In the words of my great teachers, “Everything is conspiring for your awakening.” So when we trust in this greater force, whether we call it God, love, or the divine, we recognize ourselves as a small part in the great play of life, that is ultimately bringing us towards our own greatness. We bow down humbly, offering ourselves to the will of God, to the highest good, to love. And we listen. The practice becomes both the offering and the listening, for the voice that guides our next moves. And as we do this, we begin to experience grace and synchronicity, a deep sense of trust, and an often radical shift in perspective – even the hardships have their place, and as we willingly surrender to them in great trust, there is an ease that pours through us.

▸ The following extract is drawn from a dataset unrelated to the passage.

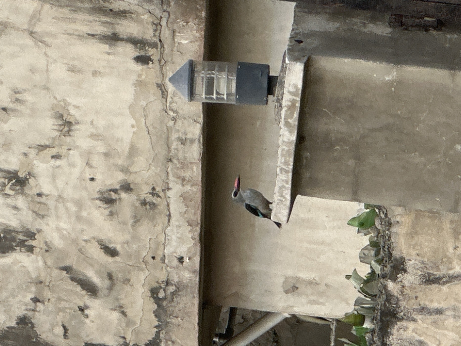 An adult Grey-headed Kingfisher (Halcyon leucocephala) with a grey head, pale underparts, and a prominent red beak with a black tip is perched left-of-center on a weathered concrete ledge. To the bird's right, a dark grey outdoor light fixture with a pointed top and ribbed, translucent housing is mounted on a separate concrete pillar. Below the bird, a lower concrete wall is topped with jagged, broken green and clear glass shards embedded in mortar, serving as a security measure. The background comprises a large, weathered light grey concrete wall exhibiting dark moisture stains and linear cracks. A segment of a light-colored pipe is visible in the upper left. The scene is illuminated by ambient daylight, depicting an outdoor urban environment in Ikorodu, Nigeria.
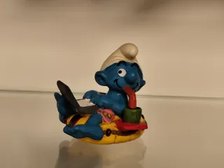 Figura decorativa de un Pitufo. Ideal para coleccionistas o fans de los Pitufos. - Pitufo azul con gorro blanco. - Sentado en un flotador amarillo y rojo. - Sostiene un portátil y bebe con una pajita.

So devotion might seem like a dirty word, because it is in so many ways the unknown. And it demands that we drop down into the mysterious space of the heart and surrender the constant grasping of the analytical mind. Challenging in a world that triumphs logic and science. When we walk the path of devotion, we open to the great mystery of life. We walk the razor’s edge, because we know that we don’t know. We have to be willing to sacrifice our ego, to have our heart cracked open, to trust life and go where it asks. It’s the most daring and courageous path I know. But the gift is an ever-greater love that begins to awaken within us.